What Could Go Wrong At A Deposition?
Posted on: 19 July 2017
After filing a lawsuit against an insurance company for injuries suffered in a motorcycle accident, there is a good chance that you will have to attend a deposition. The deposition is an opportunity to clarify statements that have been made about your case. It is also the insurance company's chance to pick apart your case. If you are facing a deposition, avoid these mistakes to keep from harming your case.
Making Odd Facial Expressions
If you are attending a video deposition, you must remember that the video could end up being played in court. Facial expressions that you make could be negatively interpreted by a judge and jury. Some juries might interpret a harmless scratching of the nose or hand placed over the mouth as a sign that you are being dishonest.
Practice your body language with your attorney before the deposition. You must remember to avoid such actions as covering your mouth, slouching, and clutching the table in front of you. In addition to this, you maintain eye contact with the insurance company's attorneys when you are asked a question. Looking away can appear as shame or deception.
Losing Your Temper
The motorcycle accident likely had a profound impact on your life and haggling with the insurance company can sometimes leave your emotions raw.
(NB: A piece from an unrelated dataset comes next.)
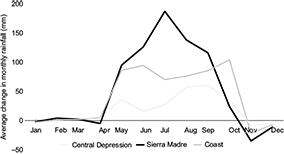 In the lower elevation regions, there was a similar pattern with increases in Tmin during the dry-cool (coast: 1.1 ± 1.23 ºC), dry-hot (coast 1.3 ± 1.1 ºC; central depression: 0.6 ± 1.6 ºC), and wet seasons (coast: 1.5 ± 1.1 ºC; central depression: 0.7 ± 1.8 ºC). The exception was the 0.5 ± 1.6 ºC decrease in Tmin during the dry-cool season in the central depression. There was also a similar pattern to the Sierra Madre in average Tmax change with decreases in the lower elevation regions during the dry-cool (central depression: 1.6 ± 1.6 ºC), dry-hot (coast: 0.3 ± 1.1 ºC; central depression: 0.4 ± 1.9 ºC), and wet seasons (coast: 0.4 ± 1.1 ºC; central depression: 1.0 ± 1.4 ºC). There was no change in average Tmax during the dry-cool period in the coast region.

However, it important that you avoid losing your temper during the deposition. A loss of temper can hurt your credibility and make you appear to be irrational.
Unfortunately, the insurance company's attorneys will likely attempt to goad you into losing your temper. Try to remember to answer the questions and leave emotion out of it. If you need to, take a few seconds after each question is asked to formulate your answer. You can also use the time to calm down.
Talking Too Much
During the deposition, it might be tempting to go into great detail about the motorcycle accident. However, you can potentially say too much. The wrong words could open the door to additional questions that could sink your case.
To prevent this, only answer the question you are being asked. Do not volunteer additional information. If the lawyer needs you to clarify or elaborate, your attorney will help guide you to avoid giving away too much.
Depositions are just one part of a motorcycle accident case. Your attorney and the insurance company's attorneys might use other tools to gather information about the accident and your injuries. Work with your attorney to keep your case on track.